A depiction of the five-reel multiline simulator used in the current study patterned after a commercially available slot machine

Fig. 3
figure 3

A modified mouse was placed facing away from the player so they could feel the button, but not see it. Spins were initiated by pulling on the mouse button. The stop button feature was invoked by re-pulling on the mouse button while the animated reels were spinning


Post-reinforcement Pauses The delay between the delivery of an outcome (the last reel stopping) and the player’s initiation of the next spin, measured in milliseconds (ms) constituted the PRP for that outcome. The simulator was configured to send event markers to an ADInstruments Powerlab for each spin initiation (when the player would press the spin button), stop button deployment, and outcome delivery (e.g. stereo near-misses, wins, etc.).

Force A modified button (See Fig. 3) contained a force transducer which is sensitive to how hard players pulled the button toward them. Output from the force transducer was translated to a millivolt signal recorded by the Powerlab.

Skin Conductance Response Skin conductance responses (SCRs) were recorded using two metallic electrodes attached to the index and ring finger on the participants’ left hand. Participants were instructed to limit movement of their left hand while playing the slot machine simulator in order to minimize contamination of the SCR data. The electrodes fed into the Powerlab which amplified the participants’ skin conductance signal. SCRs for each outcome were calculated by defining a 3 s window beginning 1 s after the last reel stopped moving (i.e., when an outcome was delivered). SCRs for each outcome were calculated by taking the peak skin conductance within this window and subtracting the skin conductance level value at the beginning of this window. As per the recommendations of Dawson et al. (2000) a square root transformation was applied to these SCRs prior to analysis. For PRPs, force and SCRs the first and last trial in each 250-spin block (both regular losses) were not analyzed.

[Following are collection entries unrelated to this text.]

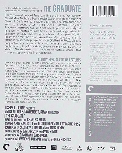 Details: One of the most beloved American films of all time, The Graduate earned Mike Nichols a best director Oscar, brought the music of Simon & Garfunkel to a wider audience, and introduced the world to a young actor named Dustin Hoffman. Benjamin Braddock (Hoffman) has just finished college and is already lost in a sea of confusion and barely contained angst when he becomes sexually involved with the middle-aged mother (Anne Bancroft) of the young woman he s dating (Katharine Ross). Visually imaginative and impeccably acted, with a clever, endlessly quotable script by Buck Henry (based on the novel by Charles Webb), The Graduate had the kind of cultural impact that comes along only once in a generation.brbrBLU-RAY SPECIAL EDITION FEATURESbr- New 4K digital restoration, with uncompressed monaural soundtrackbr- Optional 5.1 surround remix, approved by director Mike Nichols, presented in DTS-HD Master Audiobr- Audio commentary from 2007 featuring Nichols in conversation with filmmaker Steven Soderberghbr- Audio commentary from 1987 featuring film scholar Howard Suberbr- New interview with actor Dustin Hoffmanbr- New conversation between producer Lawrence Turman and actor-screenwriter Buck Henrybr- New interview with film writer and historian Bobbie O Steen about editor Sam O Steen s work on The Graduatebr- Students of The Graduate, a short documentary from 2007 on the film s influencebr- The Graduate at 25, a 1992 featurette on the making of the filmbr- Interview with Nichols by Barbara Walters, from a 1966 episode of NBC s Today showbr- Excerpt from a 1970 appearance by singer-songwriter Paul Simon on The Dick Cavett Showbr- Screen testsbr- Trailerbr- PLUS: An essay by journalist and critic Frank Rich
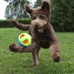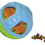 [0] => Thermo Plastic Rubber; tandpleje og sjov ved at tygge; robust; flyder; med åbning til tørre godbidder; med speciel pivelyd
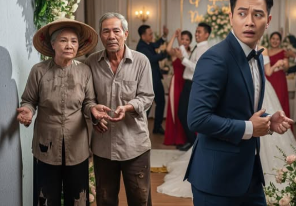 Ngày cưới đến, ánh đèn lộng lẫy, hoa tươi rực rỡ, khách mời cười nói rộn ràng. Tôi và Thắng đứng trên sân khấu, trao nhẫn, hứa hẹn trăm năm. Nhưng giữa dòng người, tôi chợt nhận ra một hình ảnh kỳ lạ: một cặp vợ chồng già, ăn mặc rách rưới, đứng nép ở góc phòng. Người đàn ông gầy gò, tóc bạc, tay cầm gậy trúc run rẩy. Người phụ nữ bên cạnh ôm một chiếc túi vải cũ, ánh mắt buồn bã nhìn về phía chúng tôi. Họ trông lạc lõng giữa không gian sang trọng, như hai cái bóng bị lãng quên. Tôi khẽ hỏi Thắng: “Anh, hai cụ đó là ai? Sao lại đứng đó?” Thắng thoáng giật mình, nhưng nhanh chóng đáp: “Chắc là người ăn xin lẫn vào tiệc. Để anh bảo nhân viên xử lý.” Tôi ngăn lại: “Thôi, để em mời hai cụ ngồi, tội nghiệp.”

Pre-experiment Questionnaire Participants first completed a questionnaire asking about demographic information (e.g. age, gender) as well as their gambling habits (e.g. gambling frequency in the last 12 months).

Problem Gambling Severity Index The problem gambling status index (PGSI; Ferris and Wynne 2001) was used to assess gambling-specific demographic information (e.g. problem gambling behaviour, negative consequences, etc.). Each of nine items of the PGSI were answered using a 4-point scale (0 = never, 1 = sometimes, 2 = most of the time, 3 = always or almost always). PGSI scores were derived by summing the responses on the nine items. Participants were stratified using the following mappings: 0 as non-problem gamblers, 1–4 as low-risk, 5–7 as moderate risk and 8 or more as problem gamblers.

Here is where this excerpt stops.